69496 (763229), страница 2
Текст из файла (страница 2)
Сегодня, за два года до начала нового тысячелетия, мы должны честно признать, что находимся в новой для нас, а именно кризисной, культурной ситуации. Да, в культурный обиход вошло искусство всех времён и народов, но это скорее заслуга mass-media, чем результат возросших культурных запросов. Сегодняшний потребитель культуры потребляет её не из внутренней необходимости, но либо из любопытства, либо из престижных соображений. В сущности он к культуре равнодушен. Культурный ландшафт представляет собой гигантский музей. Люди готовы пролететь тысячи километров, чтобы увидеть спелёнутый рейхстаг. Это искусство сродни египетским пирамидам. Неслыханное и невиданное ранее информационное изобилие привело к тому, что восприятие рядового потребителя не поспевает за темпами развития языка того или иного вида искусства. В том, что касается современного искусства, этот рядовой потребитель не имеет более собственной шкалы оценок. Ещё тридцать-сорок лет назад его оценки могли быть верными или неверными, проницательными или нелепыми, но он считал их своими. Он относился к себе с доверием. Ему могло быть интересно или скучно, но он хотя бы знал, почему ему интересно или скучно. Сегодня ему скучно от непонимания, и хотя он знает, что ничего не понимает, но соображения престижности не позволяют ему сделать это признание.

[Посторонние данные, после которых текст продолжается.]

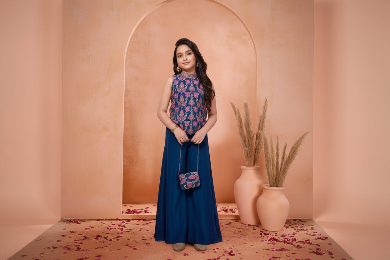Navy Blue Zari Embroidered Sharara Set for Girls Wedding Wear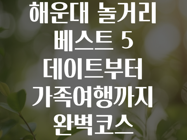 해운대, 놀거리 베스트 5! 데이트부터 가족여행까지 완벽 코스 🎉🌊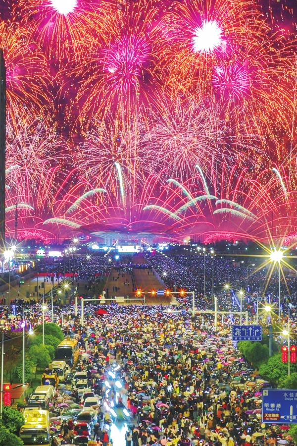 10月24日晚,第十七届浏阳花炮文化节在浏阳天空剧院开幕,160米高的“烟花光塔”点亮夜空。本届节会创新融合焰火艺术、科技创意与产业峰会等多元形式,全方位展现烟花产业的文化内涵与创新成果,推动传统工艺与现代科技的深度融合。 邓霞林 摄(湖南图片库)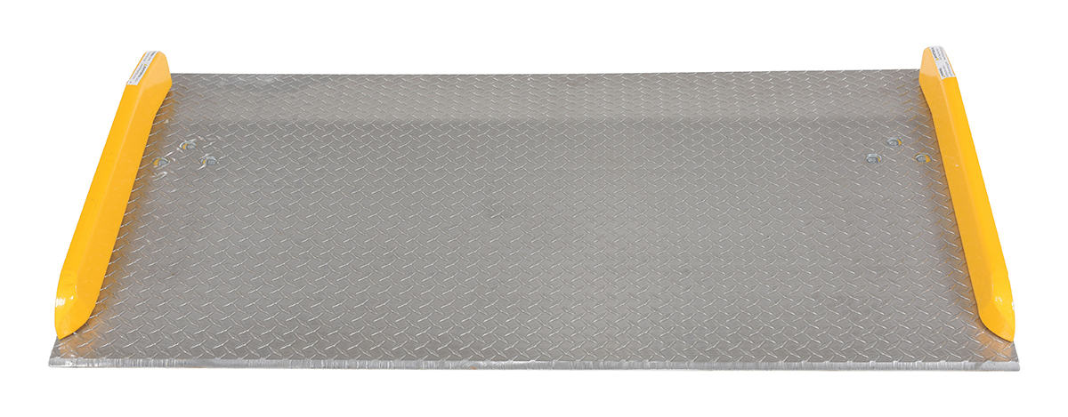 Aluminum Dock Board Steel Curb 60 In. x 36 In. 15,000 Lb. Capacity SilverThe Aluminum truck dock board with steel safety curbs is designed for portability and safety. The deck is made of tough high strength aluminum tread plate. The edges are beveled for smooth entry and exit. Safety curbs are coated yellow and are constructed of steel with cast tapered ends. Steel legs are bolted on for increased durability. Canted locking legs for easier truck portability. Manufactured in compliance with OSHA. The capacity is based upon the heaviest type of equipment used plus the maximum load carried times the single axle rating of total load. Dynamic loading, driver tendencies, speed and frequency of use must be considered. When using three-wheeled fork trucks order dock board with capacity at least four-times the lifting capacity of fork truck. The width of the dock board should be at least fifteen (15) inches wider than the load or equipment passing between the curbs. If the load does not pass between curbs, but is elevated above, add fifteen (15) inches to overall width of equipment.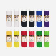 • 12 × 500 ml acrylic paints in assorted colours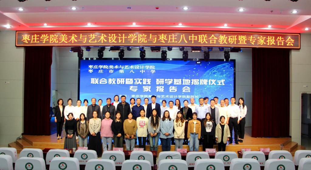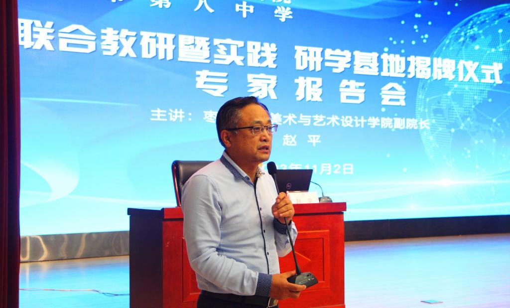 揭牌仪式后,与会领导、永利集团yl6809师生代表、八中师生代表300余人参加联合教研暨专家报告会。我院副院长赵平做《中西美学比较》的专题报告。枣庄八中东校常务副校长李雪玉做报告总结。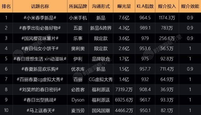 根據(jù)時趣洞察引擎數(shù)據(jù)顯示,2021年春季營銷戰(zhàn)役榜單top10品牌有小米手機、五菱、樂事、奧利奧、伊利、優(yōu)衣庫、百麗、必勝客、Dyson、麥當勞,主要的溝通形式是推出新品、福利派送、跨界聯(lián)名等。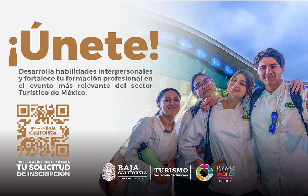 PLAYAS DE ROSARITO.– La Secretaría de Turismo de Baja California invita a estudiantes de las licenciaturas en Turismo, Gastronomía, Mercadotecnia, Comunicación, Relaciones Internacionales y áreas afines a participar en la 49ª edición del Tianguis Turístico de México 2025, el evento más importante del sector turístico nacional.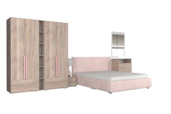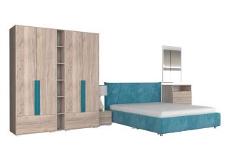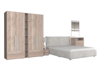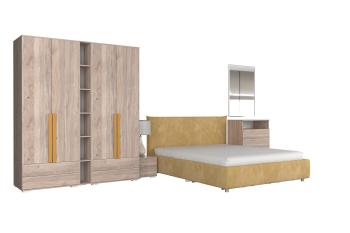 - Включает все необходимые элементы спальни: от кровати до систем хранения

Такая ситуация открывает шарлатанам от культуры ничем не ограниченную возможность морочить голову растерявшемуся потребителю. Звание Художника имеет в обществе статус, не соответствующий реальному положению дел. В большинстве своём те, кто сегодня претендует на звание Художника, являются рантье, живут на не ими самими нажитый моральный капитал. Не имеющий собственного суждения потребитель, с одной стороны, и шарлатан от искусства, с другой, создают заколдованный круг, разорвать который можно только целенаправленными образовательными усилиями. Но, чтобы решить проблему, необходимо прежде всего её осознать. Попробую продемонстрировать это на примере, мне близком.

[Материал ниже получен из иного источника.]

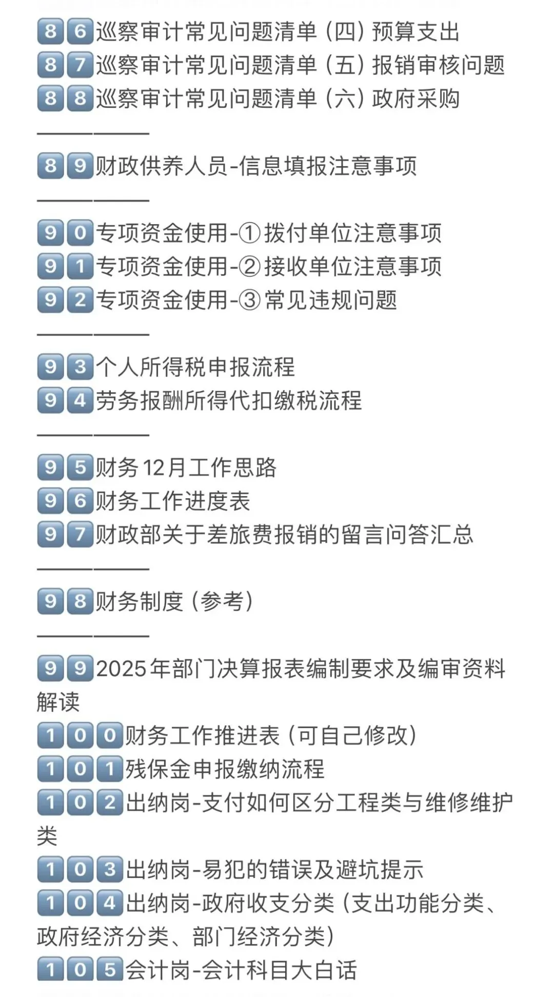 辣辣参加工作13年,财务负责人,一对一指导300➕财务小伙伴。在这个过程里,辣辣也根据业务实操,结合小伙伴们的高频问题点,整理了一套涵盖出纳、会计、资产、采购、审计、预决算编制、财报等各类专项业务的知识库!知识库是什么👇
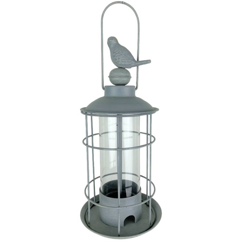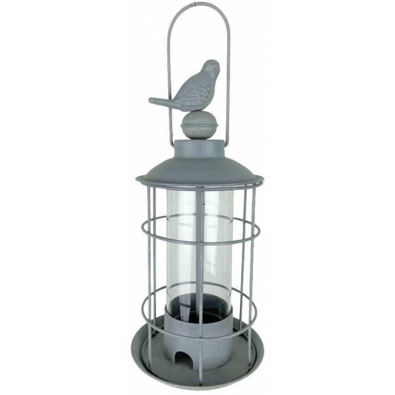Cette petite cabane pour oisillons, à la façcon d'une lanterne, est en fer patiné gris. Cette jolie maisonnette est composée d'une coupelle et d'un tube en verre où vous pourrez mettre des graines pour les oiseaux. Le tout est protégé par une coupole où est posé un petit moineau.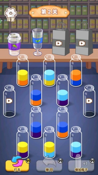 注意观察液体颜色深浅变化,部分关卡中相同颜色但浓度不同的液体不可混合,细致观察是成功排序的关键。

Обратимся мысленно к золотому веку музыки, к XVIII столетию. Моцарт мог тогда позволить себе сказать, что его музыка равно интересна и простолюдинам, и людям знающим. И дело тут не в Моцарте — просто его слова нам известны и для нас значимы. То же самое мог сказать и менее заметный музыкант — например, Вагензейль. На композиторов XVIII века работала уникальная, никогда прежде не имевшая места и никогда более не повторявшаяся ситуация. Недаром Герман Гессе в романе “Игра в бисер” говорит, что собственно музыкой можно считать только то, что написано до 1800 года. Эту ситуацию сформировали два независимо развивающихся исторических процесса, чьи траектории счастливо пересеклись во времена Гайдна-Моцарта. Во-первых, это развитие социальных отношений. Во-вторых — органическая жизнь самого музыкального языка.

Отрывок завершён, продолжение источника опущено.